### WORK REQUIRED
Beginning with the line that contains "People cross the", repeat each line exactly through the end of the listing below. Pictures stay out.

### INFORMATION SHOWN
********

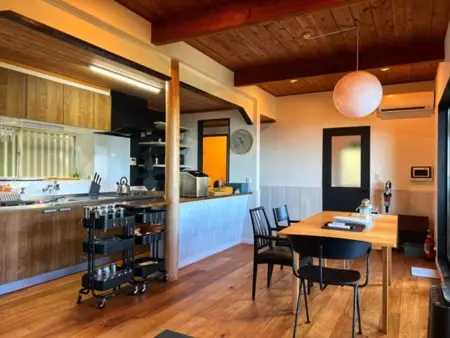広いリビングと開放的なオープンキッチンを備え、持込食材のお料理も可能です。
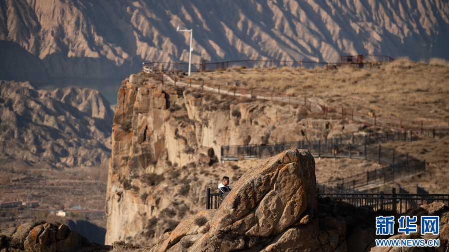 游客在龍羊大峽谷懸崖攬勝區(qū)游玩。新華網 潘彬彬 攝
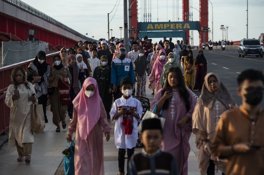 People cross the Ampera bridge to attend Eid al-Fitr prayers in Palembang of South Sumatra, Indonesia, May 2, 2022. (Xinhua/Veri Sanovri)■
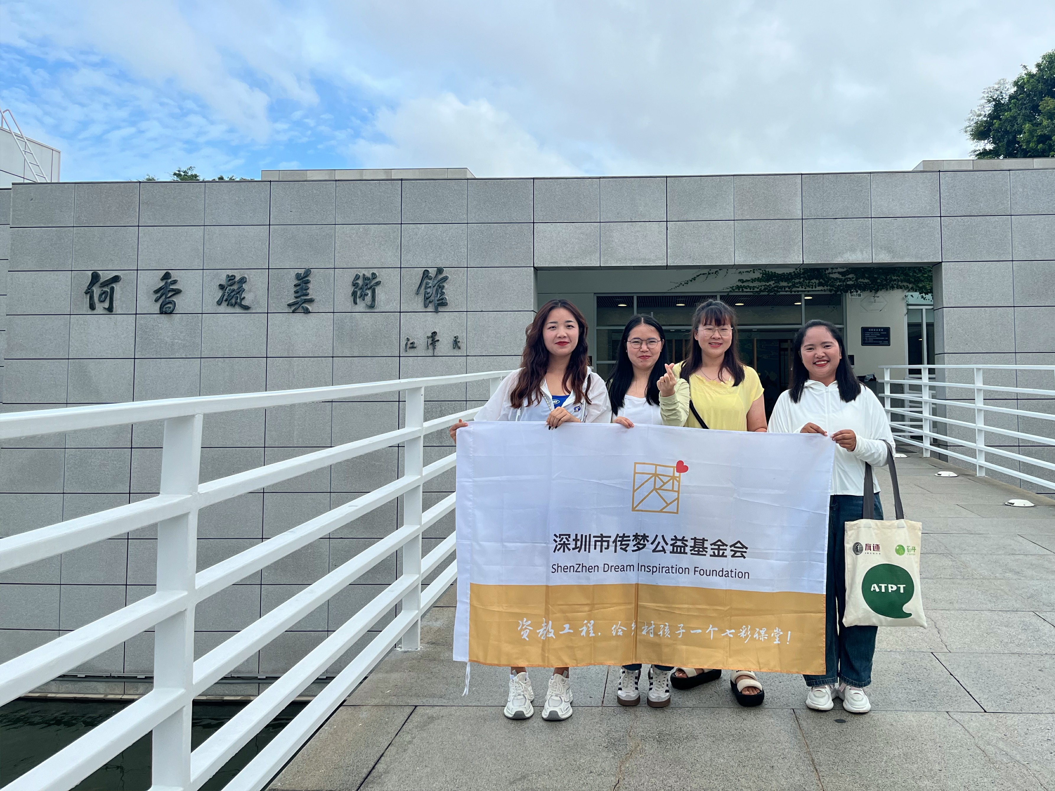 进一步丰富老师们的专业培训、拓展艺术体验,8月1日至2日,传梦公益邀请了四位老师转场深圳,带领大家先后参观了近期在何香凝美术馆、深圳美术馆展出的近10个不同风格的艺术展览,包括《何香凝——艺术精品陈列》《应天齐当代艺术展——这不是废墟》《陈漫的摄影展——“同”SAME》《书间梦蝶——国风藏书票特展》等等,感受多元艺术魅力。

********

### ANSWER
 People cross the Ampera bridge to attend Eid al-Fitr prayers in Palembang of South Sumatra, Indonesia, May 2, 2022. (Xinhua/Veri Sanovri)■
 进一步丰富老师们的专业培训、拓展艺术体验,8月1日至2日,传梦公益邀请了四位老师转场深圳,带领大家先后参观了近期在何香凝美术馆、深圳美术馆展出的近10个不同风格的艺术展览,包括《何香凝——艺术精品陈列》《应天齐当代艺术展——这不是废墟》《陈漫的摄影展——“同”SAME》《书间梦蝶——国风藏书票特展》等等,感受多元艺术魅力。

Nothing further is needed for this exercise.